Given data =>
- Opening Delimiter -
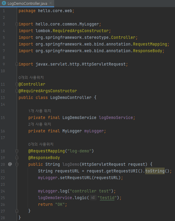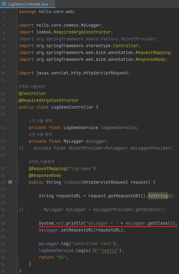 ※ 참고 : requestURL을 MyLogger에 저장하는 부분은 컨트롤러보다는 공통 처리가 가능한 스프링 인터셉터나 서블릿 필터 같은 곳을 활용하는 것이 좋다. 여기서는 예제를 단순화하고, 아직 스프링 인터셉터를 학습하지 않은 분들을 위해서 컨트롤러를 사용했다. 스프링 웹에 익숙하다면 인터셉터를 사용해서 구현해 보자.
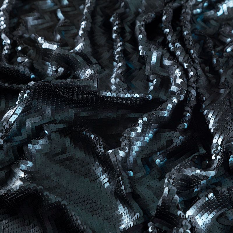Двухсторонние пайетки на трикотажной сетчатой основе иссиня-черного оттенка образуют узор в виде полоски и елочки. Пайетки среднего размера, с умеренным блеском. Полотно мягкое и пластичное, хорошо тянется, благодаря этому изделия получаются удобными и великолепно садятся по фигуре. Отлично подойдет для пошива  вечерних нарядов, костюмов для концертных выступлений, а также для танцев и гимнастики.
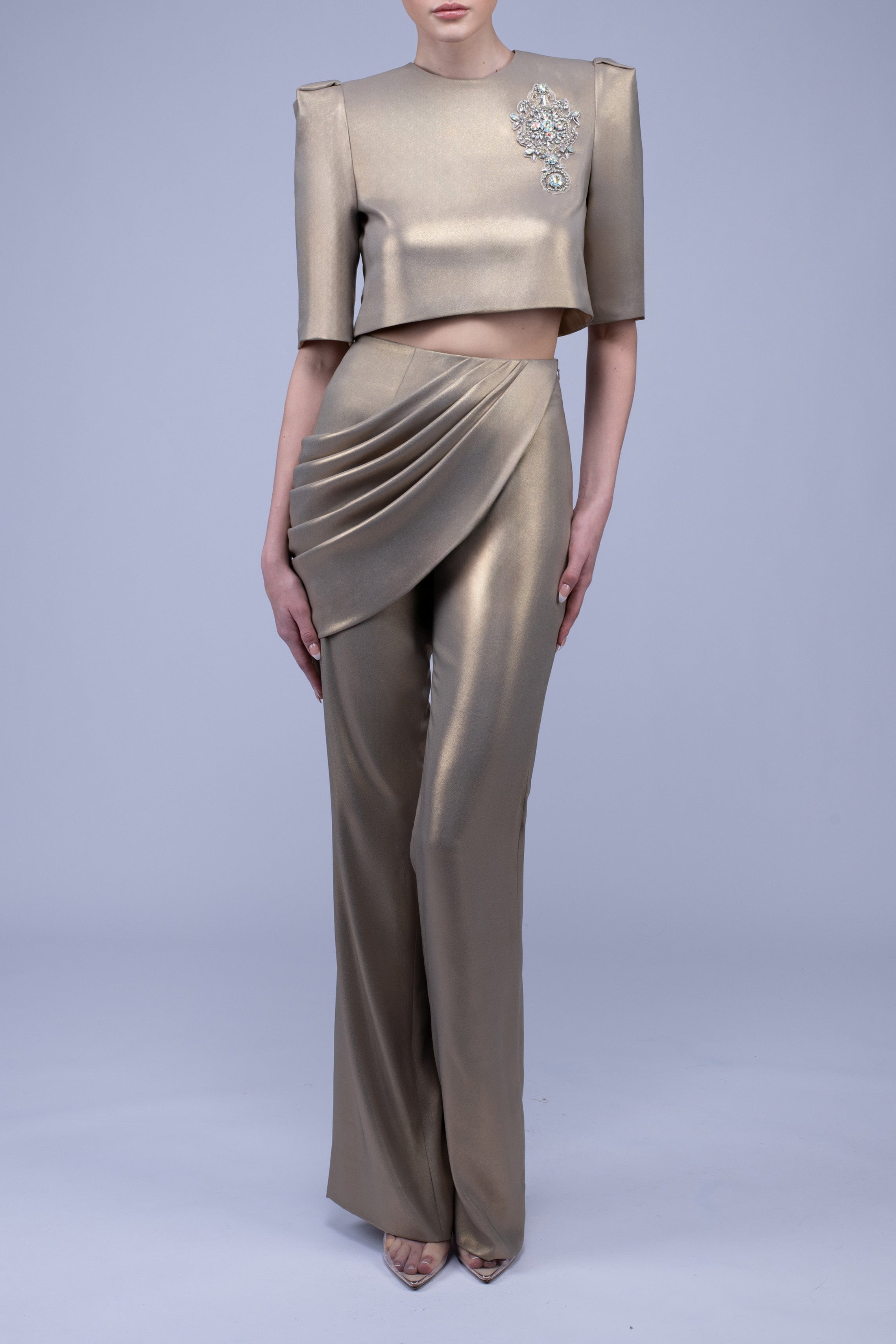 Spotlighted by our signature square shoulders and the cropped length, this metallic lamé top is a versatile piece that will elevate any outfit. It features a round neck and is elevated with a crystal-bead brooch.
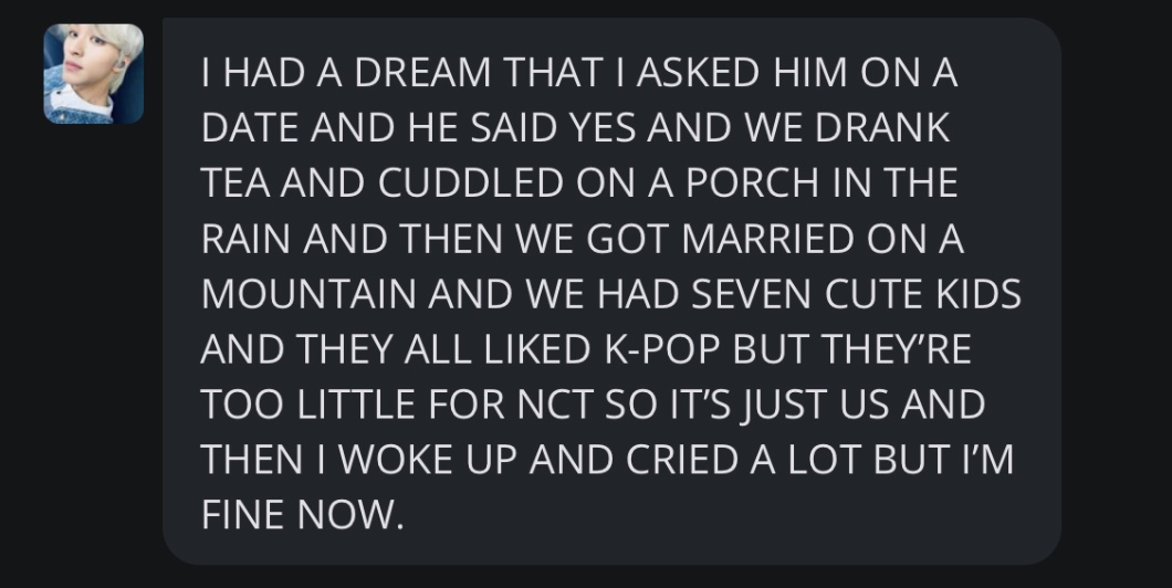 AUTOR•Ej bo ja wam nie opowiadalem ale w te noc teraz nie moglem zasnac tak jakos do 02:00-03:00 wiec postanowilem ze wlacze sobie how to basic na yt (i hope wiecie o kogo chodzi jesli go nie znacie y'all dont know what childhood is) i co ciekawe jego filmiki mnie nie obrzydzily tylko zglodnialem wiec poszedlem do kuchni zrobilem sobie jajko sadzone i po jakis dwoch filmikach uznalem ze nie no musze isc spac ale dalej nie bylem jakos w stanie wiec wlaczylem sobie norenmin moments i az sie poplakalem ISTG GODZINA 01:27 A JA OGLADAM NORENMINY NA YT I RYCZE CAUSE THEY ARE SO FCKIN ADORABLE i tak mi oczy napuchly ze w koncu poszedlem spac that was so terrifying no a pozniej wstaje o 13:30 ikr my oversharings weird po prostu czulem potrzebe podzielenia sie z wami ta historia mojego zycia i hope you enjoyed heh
- Closing Delimiter -
To do =>
Repeat the data in full, exactly as it stands, but drop every picture.

Written response =>
 ※ 참고 : requestURL을 MyLogger에 저장하는 부분은 컨트롤러보다는 공통 처리가 가능한 스프링 인터셉터나 서블릿 필터 같은 곳을 활용하는 것이 좋다. 여기서는 예제를 단순화하고, 아직 스프링 인터셉터를 학습하지 않은 분들을 위해서 컨트롤러를 사용했다. 스프링 웹에 익숙하다면 인터셉터를 사용해서 구현해 보자.
Двухсторонние пайетки на трикотажной сетчатой основе иссиня-черного оттенка образуют узор в виде полоски и елочки. Пайетки среднего размера, с умеренным блеском. Полотно мягкое и пластичное, хорошо тянется, благодаря этому изделия получаются удобными и великолепно садятся по фигуре. Отлично подойдет для пошива  вечерних нарядов, костюмов для концертных выступлений, а также для танцев и гимнастики.
 Spotlighted by our signature square shoulders and the cropped length, this metallic lamé top is a versatile piece that will elevate any outfit. It features a round neck and is elevated with a crystal-bead brooch.
 AUTOR•Ej bo ja wam nie opowiadalem ale w te noc teraz nie moglem zasnac tak jakos do 02:00-03:00 wiec postanowilem ze wlacze sobie how to basic na yt (i hope wiecie o kogo chodzi jesli go nie znacie y'all dont know what childhood is) i co ciekawe jego filmiki mnie nie obrzydzily tylko zglodnialem wiec poszedlem do kuchni zrobilem sobie jajko sadzone i po jakis dwoch filmikach uznalem ze nie no musze isc spac ale dalej nie bylem jakos w stanie wiec wlaczylem sobie norenmin moments i az sie poplakalem ISTG GODZINA 01:27 A JA OGLADAM NORENMINY NA YT I RYCZE CAUSE THEY ARE SO FCKIN ADORABLE i tak mi oczy napuchly ze w koncu poszedlem spac that was so terrifying no a pozniej wstaje o 13:30 ikr my oversharings weird po prostu czulem potrzebe podzielenia sie z wami ta historia mojego zycia i hope you enjoyed heh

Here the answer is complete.